Your task:
Give back the entries that follow exactly as written. Any picture gets left out.

Stored data:
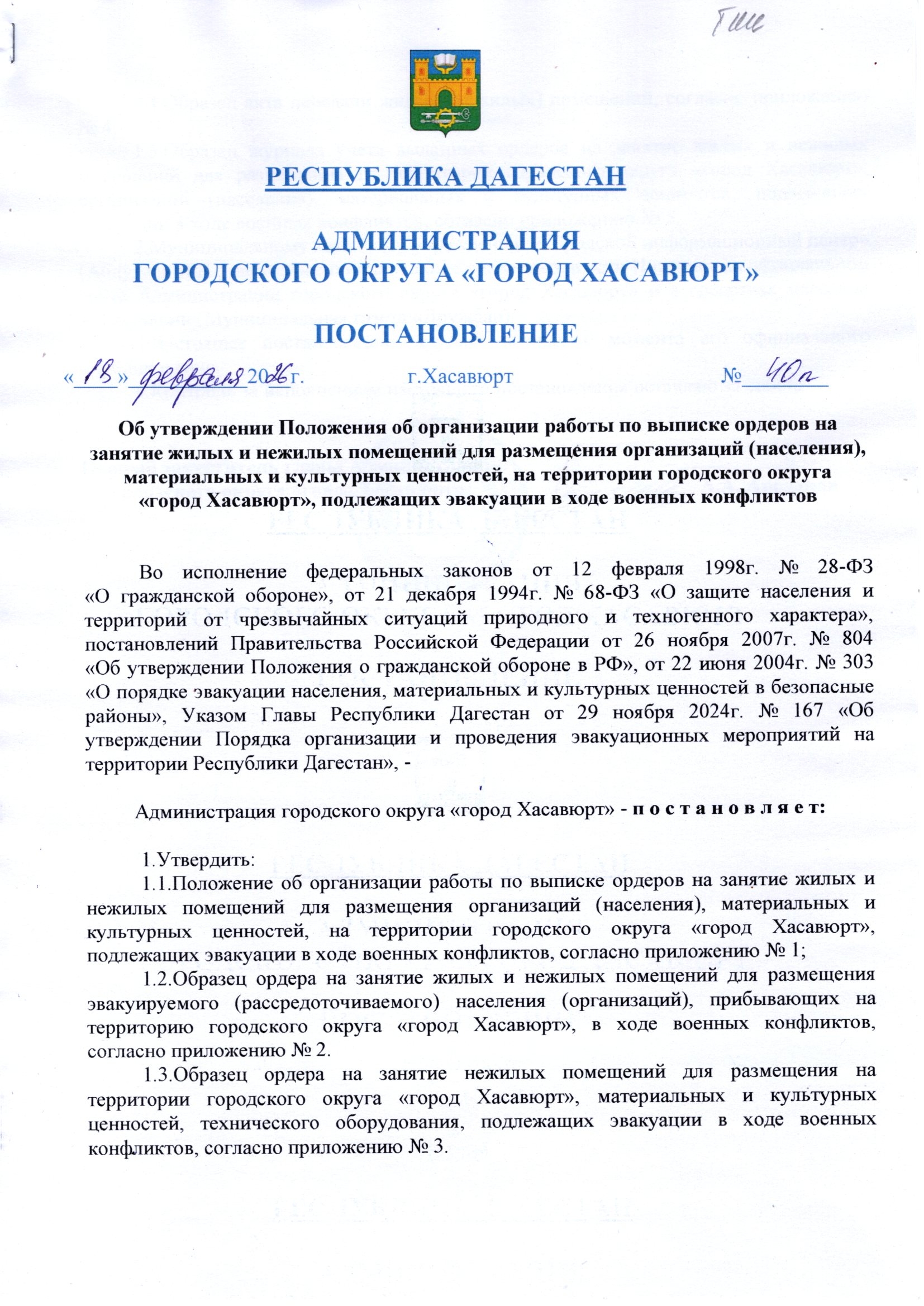 Постановление от 18 февраля 2026 г. № 40 п Об утверждении Положения об организации работы по выписке ордеров на занятие жилых и нежилых помещений для размещения организаций (населения), материальных и культурных ценностей, на территории городского округа «город Хасавюрт», подлежащих эвакуации в ходе военных конфликтов
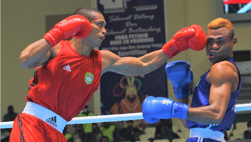 INFOSULSEL.COM, JAYAPURA — Petinju Jawa Barat (Jabar), Michael Muskita masih terlalu tangguh bagi Jhon Yambe. Bertarung dibabak penyisihan kelas 75 kg Cabang Olahraga Tinju PON XX Papua, wakil Sulawesi Selatan (Sulsel) ini harus menyerah di ronde kedua setelah kalah Referee Stops Contest (RSC). Pertarungan kedua petinju ini berlangsung Sabtu (9/10/2021) di GOR Cendrawasih APO, Kota Jayapura.
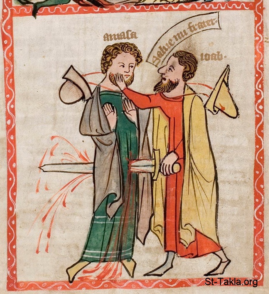 يوآب يقتل عماسا (صموئيل الأول 20: 9-10): يوآب يتظاهر بأنه يريد معانقة عماسا ثم يطعنه. - من مخطوط مرآة خلاص البشرية (صورة 92)، صدر في كولونيا أو وستفاليا بألمانيا، 1360 م. تقريبًا - جامعة دارمشتات التقنية، ألمانيا.
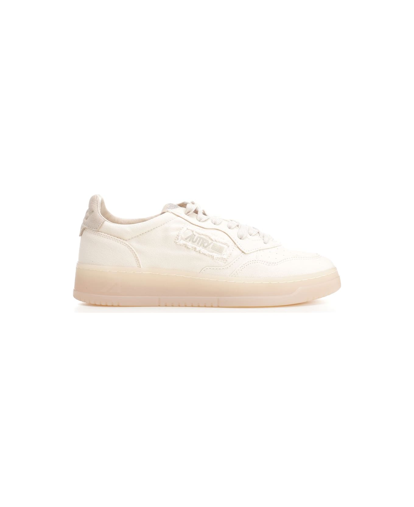 "Medalist" low ivory canvas sneakers by Autry. Tone-on-tone suede heel tab. Frayed side logo. Semi-transparent sole.
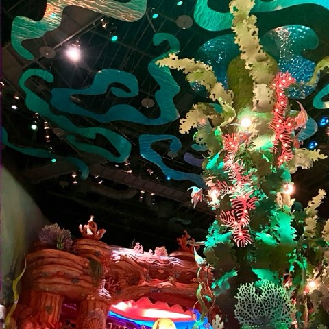 マーメイドラグーンのブローフィッシュ・バルーンレースが50分待ちと割と早く乗れそうだったので子どもたちだけで並んで乗りました。マーメイドラグーンは屋内なので、寒い時暑い時の避難場所としても便利。
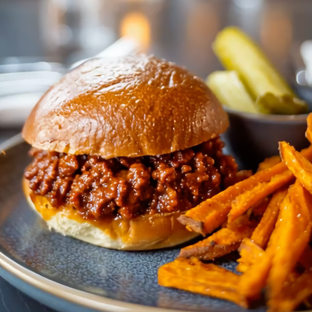 A classic American comfort food featuring savory, saucy ground beef served on a soft bun, paired with crispy and naturally sweet oven-baked sweet potato fries. A fun, family-friendly meal!
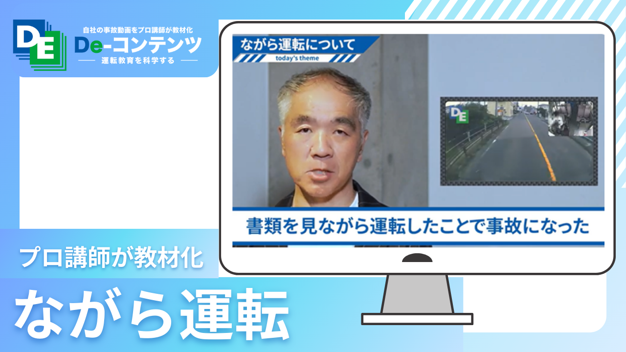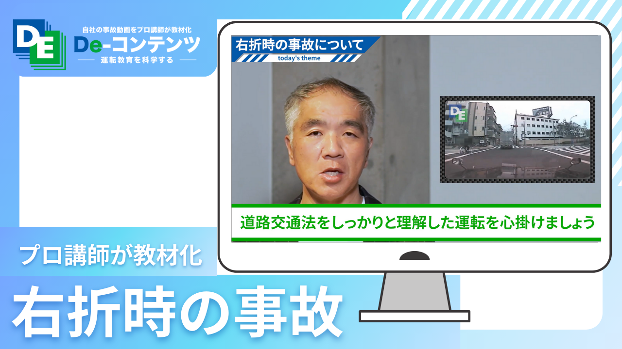 今回ディ・クリエイトが新たに提供を開始した「Deコンテンツ」は、自社(依頼主)のドライブレコーダーの事故映像を教材化してお届けするサービスです。企業から提供されたドライブレコーダーの映像を、交通事故防止コンサルタント・上西一美をはじめとするプロ講師が分析し、事故原因や再発防止策を解説します。

Reply:
 Постановление от 18 февраля 2026 г. № 40 п Об утверждении Положения об организации работы по выписке ордеров на занятие жилых и нежилых помещений для размещения организаций (населения), материальных и культурных ценностей, на территории городского округа «город Хасавюрт», подлежащих эвакуации в ходе военных конфликтов
 INFOSULSEL.COM, JAYAPURA — Petinju Jawa Barat (Jabar), Michael Muskita masih terlalu tangguh bagi Jhon Yambe. Bertarung dibabak penyisihan kelas 75 kg Cabang Olahraga Tinju PON XX Papua, wakil Sulawesi Selatan (Sulsel) ini harus menyerah di ronde kedua setelah kalah Referee Stops Contest (RSC). Pertarungan kedua petinju ini berlangsung Sabtu (9/10/2021) di GOR Cendrawasih APO, Kota Jayapura.
 يوآب يقتل عماسا (صموئيل الأول 20: 9-10): يوآب يتظاهر بأنه يريد معانقة عماسا ثم يطعنه. - من مخطوط مرآة خلاص البشرية (صورة 92)، صدر في كولونيا أو وستفاليا بألمانيا، 1360 م. تقريبًا - جامعة دارمشتات التقنية، ألمانيا.
 "Medalist" low ivory canvas sneakers by Autry. Tone-on-tone suede heel tab. Frayed side logo. Semi-transparent sole.
 マーメイドラグーンのブローフィッシュ・バルーンレースが50分待ちと割と早く乗れそうだったので子どもたちだけで並んで乗りました。マーメイドラグーンは屋内なので、寒い時暑い時の避難場所としても便利。
 A classic American comfort food featuring savory, saucy ground beef served on a soft bun, paired with crispy and naturally sweet oven-baked sweet potato fries. A fun, family-friendly meal!
 今回ディ・クリエイトが新たに提供を開始した「Deコンテンツ」は、自社(依頼主)のドライブレコーダーの事故映像を教材化してお届けするサービスです。企業から提供されたドライブレコーダーの映像を、交通事故防止コンサルタント・上西一美をはじめとするプロ講師が分析し、事故原因や再発防止策を解説します。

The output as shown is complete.